Posted on January 12th, 2014
IIHR Associate Research Engineer Yugo Sanada (left) and graduate student Haitham Elshiekh at the IIHR Wave Basin.

IIHR Associate Research Engineer Yugo Sanada (left) and graduate student Haitham Elshiekh at the IIHR Wave Basin.

Haitham Elshiekh grew up in a village along the River Nile in northern Sudan, near that legendary river’s fifth cataract, a rocky whitewater rapids. Most of the men in the village earned their living as fishermen, and watching the small fishing boats navigate the river was intriguing for a young boy fascinated by the river. When he was 10 years old and visiting family in a coastal city, Elshiekh and his cousins even built a small, primitive boat and sailed it on the Red Sea.

As a child, Elshiekh was particularly fascinated by the turbulence of the water moving over the rocks of the fifth cataract, though he didn’t understand the physics. But he knew he wanted to learn more, and when he had a chance to study fluid mechanics at the University of Iowa, Elshiekh took advantage of the opportunity.

Today, Elshiekh says he works with two of the world’s most brilliant minds in ship hydrodynamics, Professor Fred Stern and IIHR Associate Research Scientist Yugo Sanada. “I’ve been learning a lot just by working with them,” Elshiekh says. He is pursuing a master’s degree in mechanical engineering, while also conducting experimental research at the IIHR Wave Basin, where he and Yugo have been studying two navy combat ship designs, the Tumblehome and the Delft catamaran.

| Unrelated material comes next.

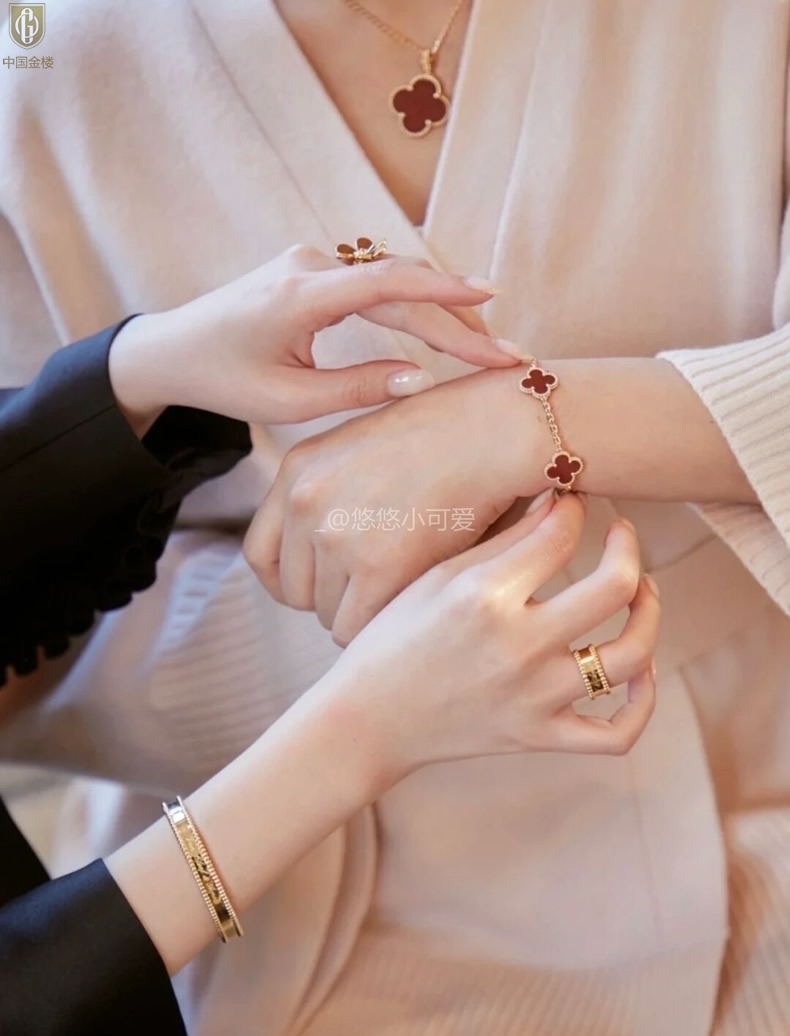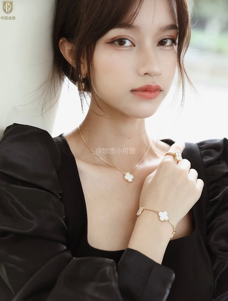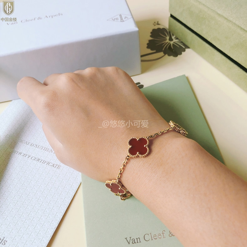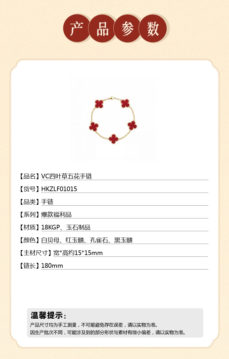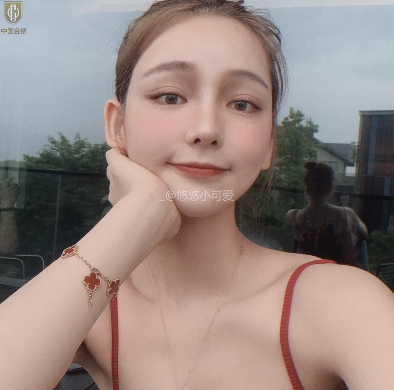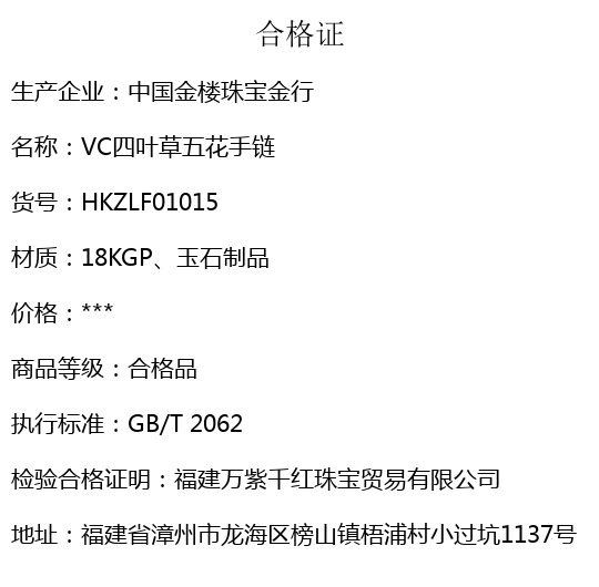 【品名】中国金楼VC四叶草五花手链

The wave basin facility allows researchers to measure the motion of a model-scale ship that is free to move in any direction — straight ahead, zigzag, full circle, and capsize. Supported by an eight-ton overhead carriage, three data acquisition systems track the models’ motion, shadowing the vessels to within +/-100mm. These systems allows researchers to analyze the ships’ performance and predict how they will behave in real-life conditions, created in the wave basin by six wavemakers.

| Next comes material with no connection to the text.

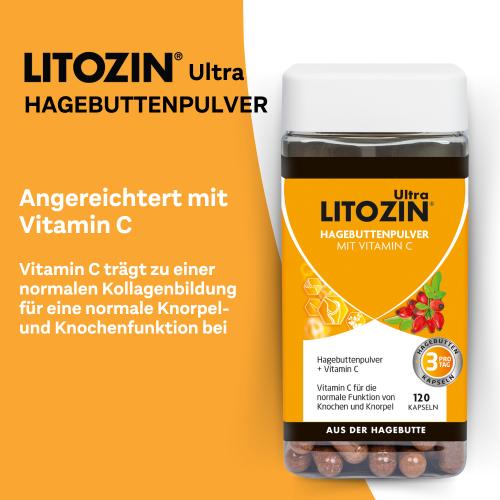 Hagebutterpulver + Vitamin C - Das Beste aus der Natur: LITOZIN ist ein spezielles Nahrungsergänzungsmittel, welches aus den Früchten der Hagebutte hergestellt wird. Die roten Früchte der Hagebutte Rosa canina L. enthalten eine Vielzahl von Pflanzeninhaltsstoffen. In mehrjähriger Untersuchungsarbeit fanden skandinavische Ernährungsexperten heraus, dass die spezielle Hagebuttensorte Rosa canina L. und ein besonders schonendes Herstellungsverfahren nötig sind, um ein Hagebuttenprodukt mit besonders guten Eigenschaften zu erhalten. Nur durch dieses besondere Verfahren kann sichergestellt werden, dass die wertvollen Pflanzenstoffe bei der Herstellung des Hagebuttenpulvers nicht zerstört werden. Für die Herstellung von LITOZIN Ultra Hagebuttenpulver Kapseln wird deshalb das Fruchtfleisch und die Schale der Hagebutte sorgfältig von den Kernen und den stark reizenden Haaren getrennt, sehr schonend zu Pulver verarbeitet und dann in die Kapseln eingefüllt. Um die wertvollen Inhaltsstoffe der Hagebutte zu erhalten, müssen hohe Temperaturen beim Herstellungsprozess vermieden werden. Durch das besondere Herstellungsverfahren enthält LITOZIN einen hohen Anteil an wertvollen Pflanzenstoffen. Das in LITOZIN enthaltene Vitamin C trägt zu einer normalen Kollagenbildung für eine normale Knorpelfunktion bei.

As they maneuver the free-moving radio-controlled models at the wave basin, Elshiekh and Yugo focus on three main points: 1) the drifting distance and direction in turning tests; 2) straight-ahead speed loss due to waves; and 3) the zigzag overshoot trajectory angle, or “cushion of safety” needed to navigate a zigzag path safely through waves. The next step for the Tumblehome and Delft catamaran model-scale ships will be PIV, or particle image velocimetry. With PIV, researchers can study the wave generated by the movement of the body of the ship. “I can’t wait to see that for the Delft catamaran,” Elshiekh says.

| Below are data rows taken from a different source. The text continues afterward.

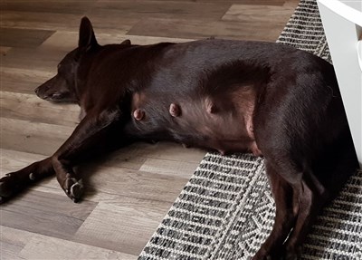 Men nu blir det att ta det lite lugnt med promenaderna för den blivande mamman som får spara på krafterna inför valpningen.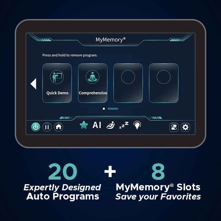 Select from 20 expertly crafted auto programs, spanning soothing relaxation to energizing full-body stretches, and save your favorite sessions to MyMemory® for effortless recall anytime.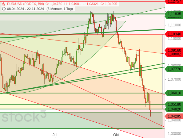 Damit sind die Aussichten für den EUR/USD aus fundamentaler Sicht schlecht. Aber diese sind nun (zumindest zu einem großen Teil) auch schon im Wechselkurs eingepreist. Eine Kurserholung erscheint daher möglich.

Elshiekh especially enjoys experimental research like the work at the wave basin, which allows researchers to study and understand a real-life problem, rather than a simulation. “Things happen right in front of your eyes,” he explains.

For Elshiekh, working at the IIHR Wave Basin is the culmination of the small boy’s dream, watching fishing boats navigate the River Nile. “When I took the fluid mechanics course here at the University of Iowa, I knew it was what I wanted to spend the rest of my life working on,” he says.